Scruton’s objections can be overcome if we accept layered identities. In this way, the universal filiation is national citizenship, with one rule of law and system of government. The one rule of law and system of government that applies in Scruton’s native Britain is one which does not oblige, and in fact, cannot oblige unfreedom of religion. In the same way that this one rule of law and system of government preserves and upholds all manner of arcane institutions of inherited privilege, staunchly defended by conservatives, from Burke to Scruton, so too are tribal nations, consistent with the idea of a Commonwealth.
The problem with Scruton’s view of the tribe is that it is a dated caricature. It might have been true at the time of David Livingston's adventures in Africa, or the Australians making first contact in the highlands of Papua New Guinea, or the first whites entering Arnhem Land, but it is now a view of the past. No tribes today live in isolation from other societies. They live within nations, where layers of history have left layers of identity. These tribes cannot be expected to abandon the institutions of their inheritance, inextricably bound as they are to the homelands of the inheritance. It would be as indefensible as expecting the inheritors of Britain's ancient entitlements to forsake this.
I want to now discuss one aspect of Scruton’s idea of conservatism: respect for and connection with the dead. As part of a consideration of what it means to be indigenous. In this passage from the International Court of Justices 1975 Western Sahara case, Judge Amoon captured what lies at the core of the idea of peoples being indigenous to a country. He said:
“Mr Bayona-Ba-Meya, goes on to dismiss the materialistic concept of terra nullius, which led to this dismemberment of Africa following the Berlin Conference of 1885. Mr Bayona-Ba-Meya substitutes for this a spiritual notion: the ancestral tie between the land, or ‘mother nature’, and the man who was born therefrom, remains attached thereto, and must one day return thither to be united with his ancestors. This link is the basis of the ownership of the soil, or better, of sovereignty…”
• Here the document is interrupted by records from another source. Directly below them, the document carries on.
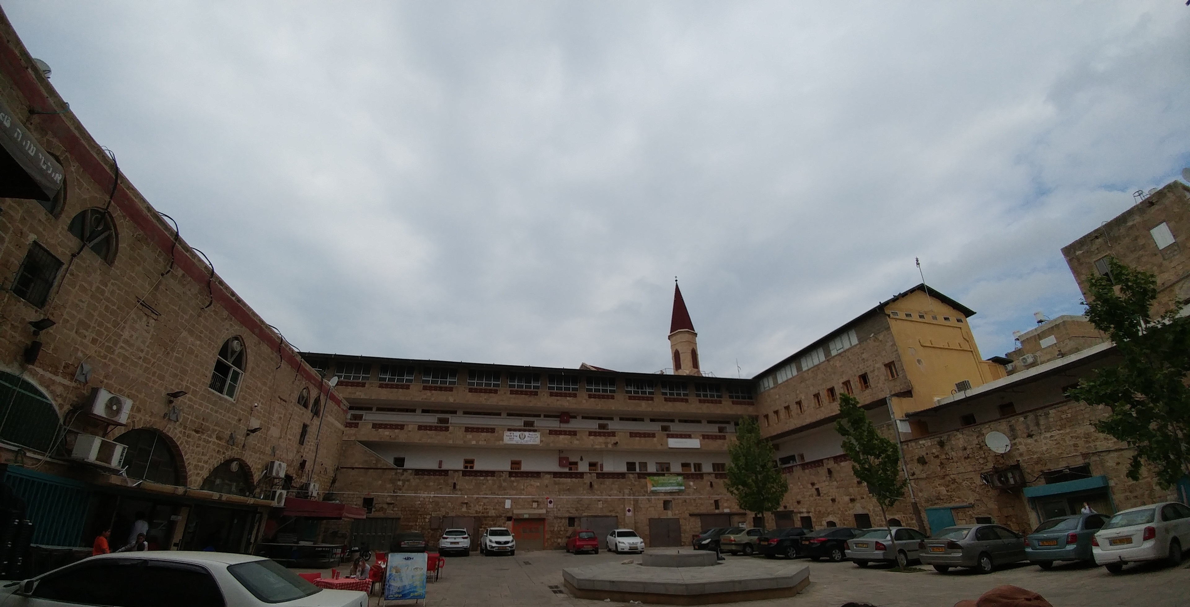 Terra Santa School in Khan el-Farangi.
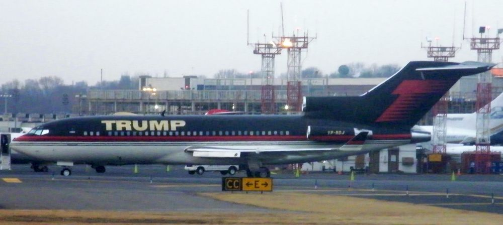 Donald Trump's personal 757 at Laguardia Aiport
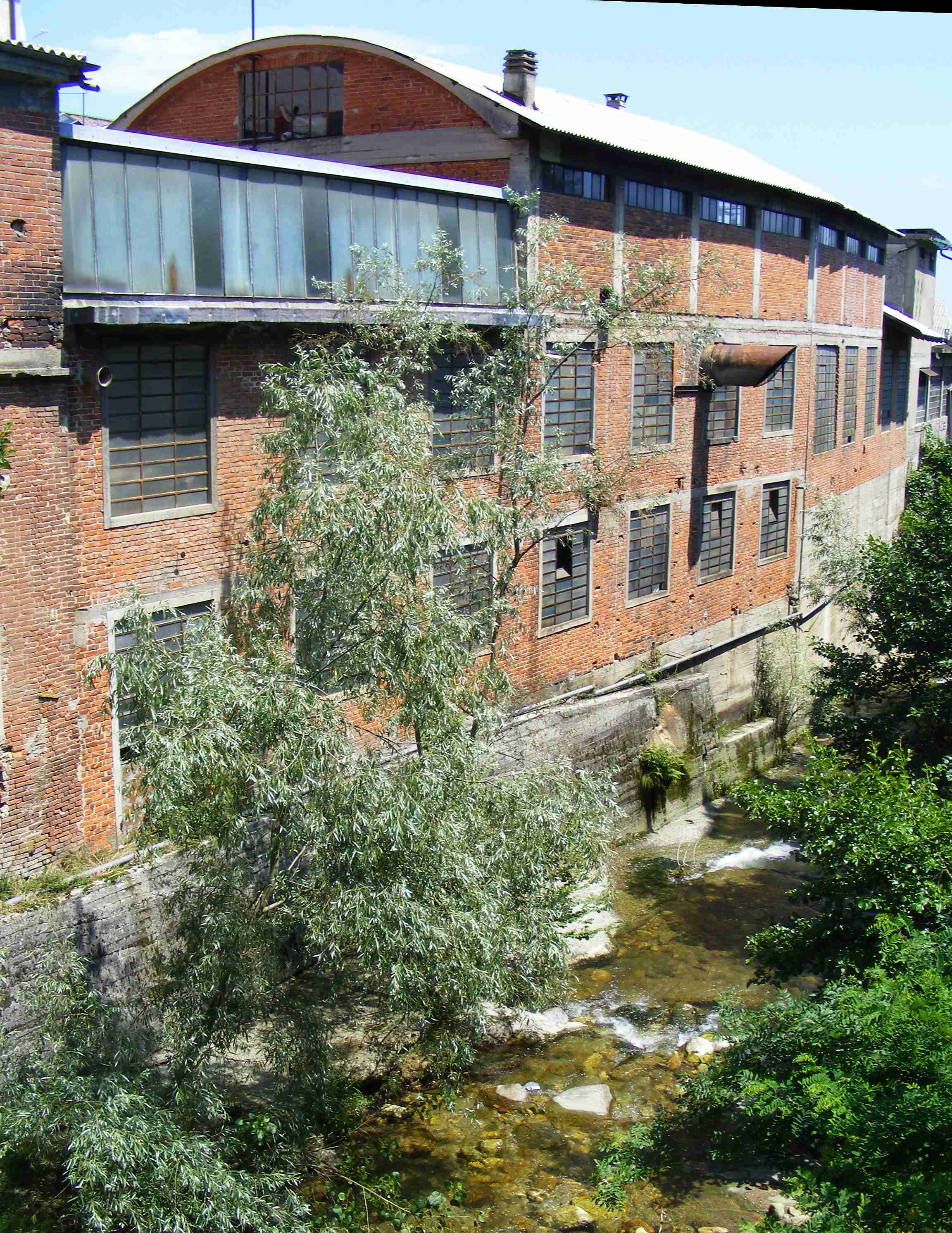 Viana creek near Forno Canavese (TO, Italy)
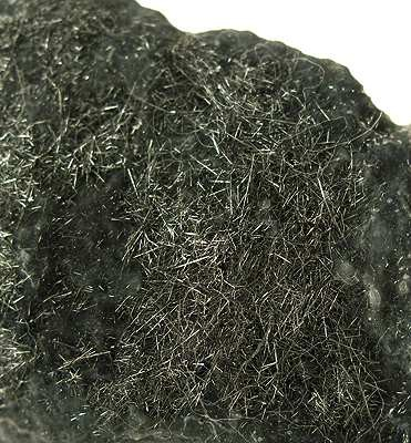 Dadsonite Locality: Saint-Pons, Ubaye valley, Alpes-de-Haute-Provence, Provence-Alpes-Côte d'Azur, France (Locality at ) Size: 3.8 x 2.3 x 1.7 cm. A rich specimen of this extremely rare lead/antimony sulfide which also contains chlorine in it. The surface is covered with acicular crystals, and the whole piece is probably massive dadsonite as well. Ex. Eric Asselborn and Alain Martaud Collections.

I'm not now concerned with the legal question. I am concerned with the metaphysical question, the spiritual notion, the ancestral tie between the land and the man who was born therefrom who remains attached thereto and who must one day return thither to be united with his ancestors. This is it. This is the nub. This is the essence. This is the source.
Before we have the abstraction of law, we have things that are real. It is the dust of the ancestors mixed with the dust of the land. Before we have abstraction, the lore is not the origin. It is the ancestral bones in the land, that is the source. It is the dust of the ancestors mixed with the land.
It is from that land and dust that the people of the present came and it is to that same dust and land that they remain attached there to. And it is to the same land they will one day return thither to be united with their ancestors.
At the core of all Aboriginal customary law, you find these elements - the ancestral tie to the land. The person born from that land, who remains attached to the land, and whose spirits will one day return to it. I would venture to say that these ideas are universal to all indigenous conceptions of relationship to their country, the world over.
My point is, it is not the law that is the wellspring of indigeneity, it is a reality concerning the dead, the living, and the people to come, and the country to which they are tied. It is a similar reality of which Scruton writes, when he refers to “Burke's view of society, as an association of the dead, the living and the unborn”. If Burke's association is real, then it is real in the sense, captured in Judge Amoon most apposite definition. Man cannot live by bread alone.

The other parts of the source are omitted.